BEGIN Records to process

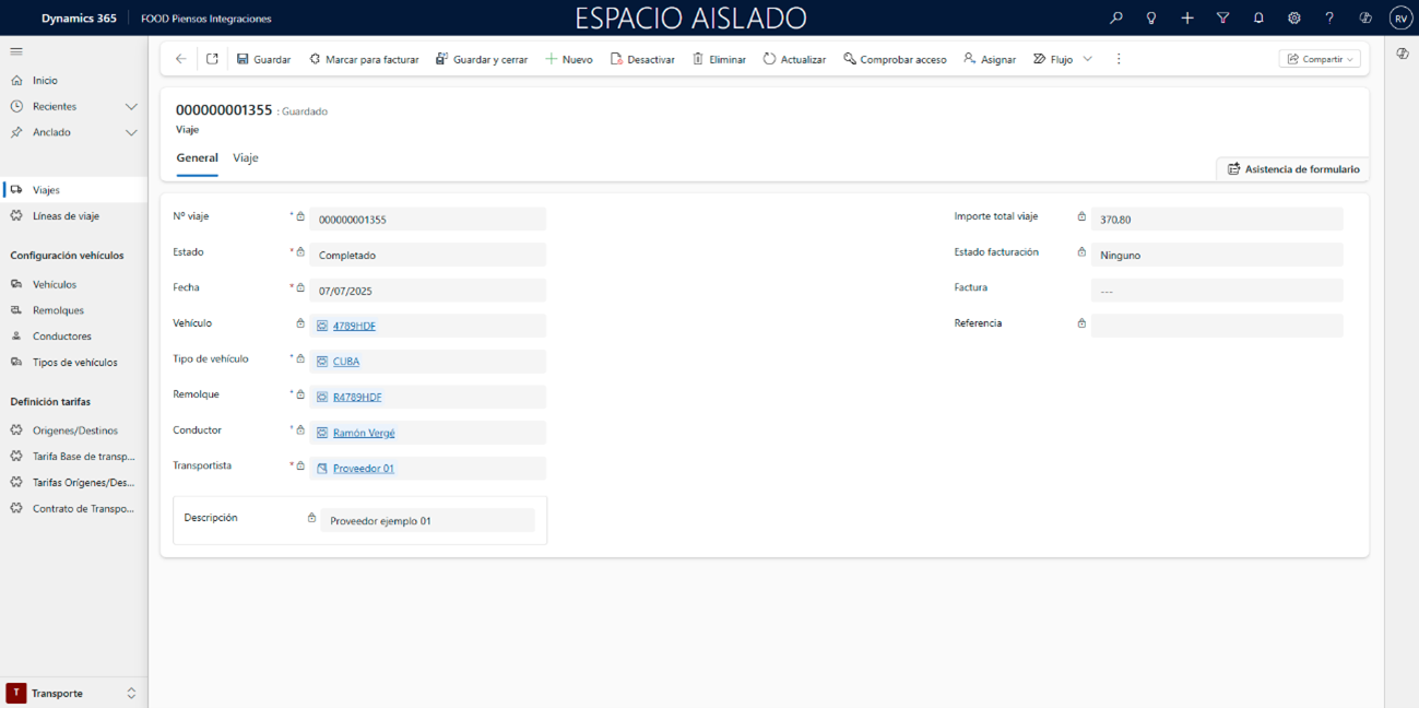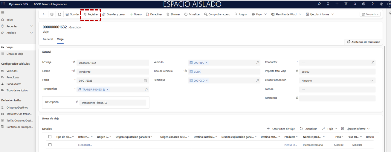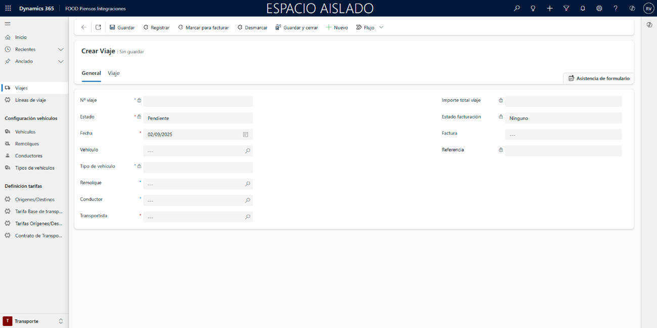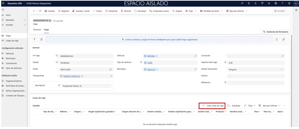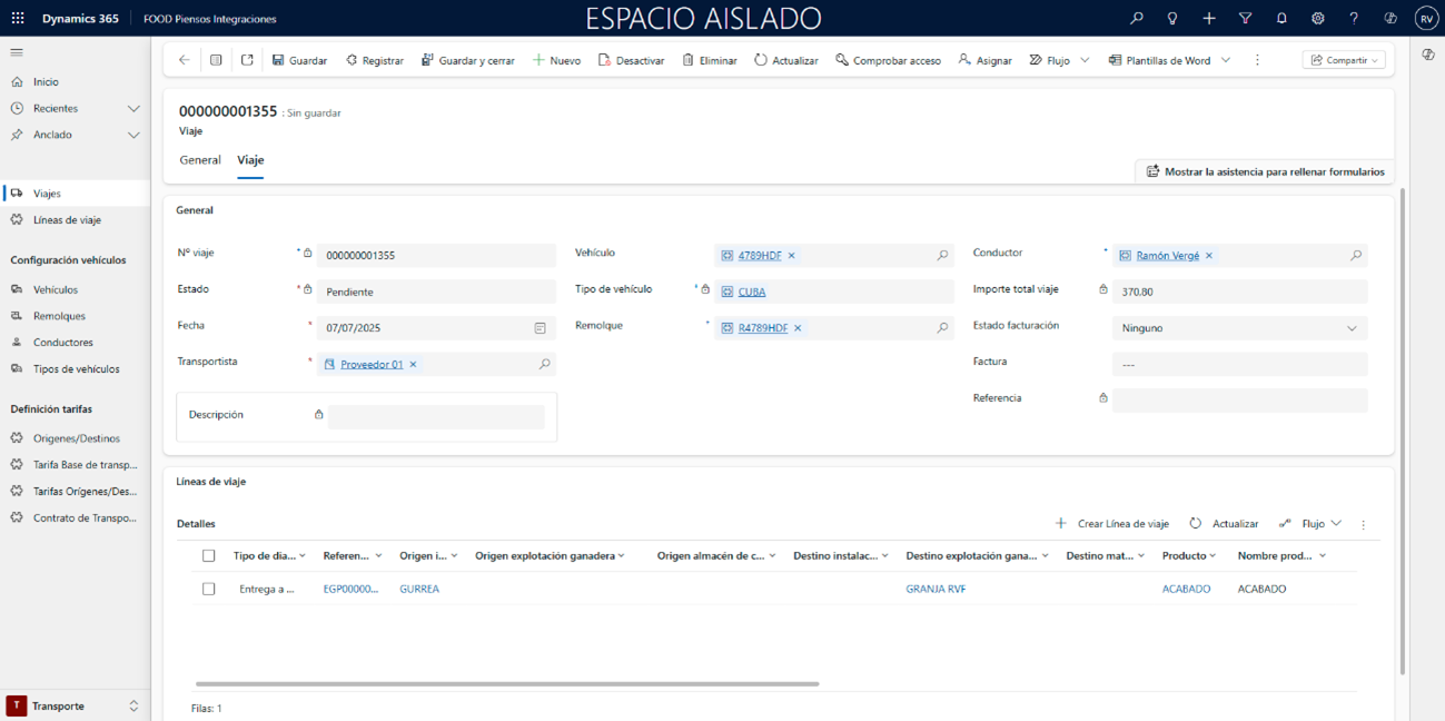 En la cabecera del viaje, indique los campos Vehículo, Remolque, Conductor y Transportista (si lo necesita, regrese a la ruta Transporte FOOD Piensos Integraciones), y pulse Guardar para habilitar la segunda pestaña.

END Records to process
BEGIN Records to process

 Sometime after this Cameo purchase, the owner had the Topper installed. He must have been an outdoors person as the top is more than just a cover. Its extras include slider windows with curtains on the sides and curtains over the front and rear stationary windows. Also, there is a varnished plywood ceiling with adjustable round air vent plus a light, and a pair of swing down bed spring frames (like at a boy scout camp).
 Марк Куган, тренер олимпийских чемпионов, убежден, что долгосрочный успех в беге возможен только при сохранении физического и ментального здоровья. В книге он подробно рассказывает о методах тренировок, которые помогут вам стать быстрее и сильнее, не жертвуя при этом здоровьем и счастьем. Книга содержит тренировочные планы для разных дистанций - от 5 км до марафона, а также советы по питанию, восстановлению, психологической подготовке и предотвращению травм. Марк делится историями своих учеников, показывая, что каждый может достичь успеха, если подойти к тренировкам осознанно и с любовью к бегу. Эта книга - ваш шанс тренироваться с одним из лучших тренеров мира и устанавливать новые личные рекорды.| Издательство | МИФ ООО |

END Records to process

**Task requirements:**
In the listing above, find the line with "Sometime after this" and the line with "Марк Куган, тренер", then print exactly those two lines and every line between them, and nothing more.

**Task response:**
 Sometime after this Cameo purchase, the owner had the Topper installed. He must have been an outdoors person as the top is more than just a cover. Its extras include slider windows with curtains on the sides and curtains over the front and rear stationary windows. Also, there is a varnished plywood ceiling with adjustable round air vent plus a light, and a pair of swing down bed spring frames (like at a boy scout camp).
 Марк Куган, тренер олимпийских чемпионов, убежден, что долгосрочный успех в беге возможен только при сохранении физического и ментального здоровья. В книге он подробно рассказывает о методах тренировок, которые помогут вам стать быстрее и сильнее, не жертвуя при этом здоровьем и счастьем. Книга содержит тренировочные планы для разных дистанций - от 5 км до марафона, а также советы по питанию, восстановлению, психологической подготовке и предотвращению травм. Марк делится историями своих учеников, показывая, что каждый может достичь успеха, если подойти к тренировкам осознанно и с любовью к бегу. Эта книга - ваш шанс тренироваться с одним из лучших тренеров мира и устанавливать новые личные рекорды.| Издательство | МИФ ООО |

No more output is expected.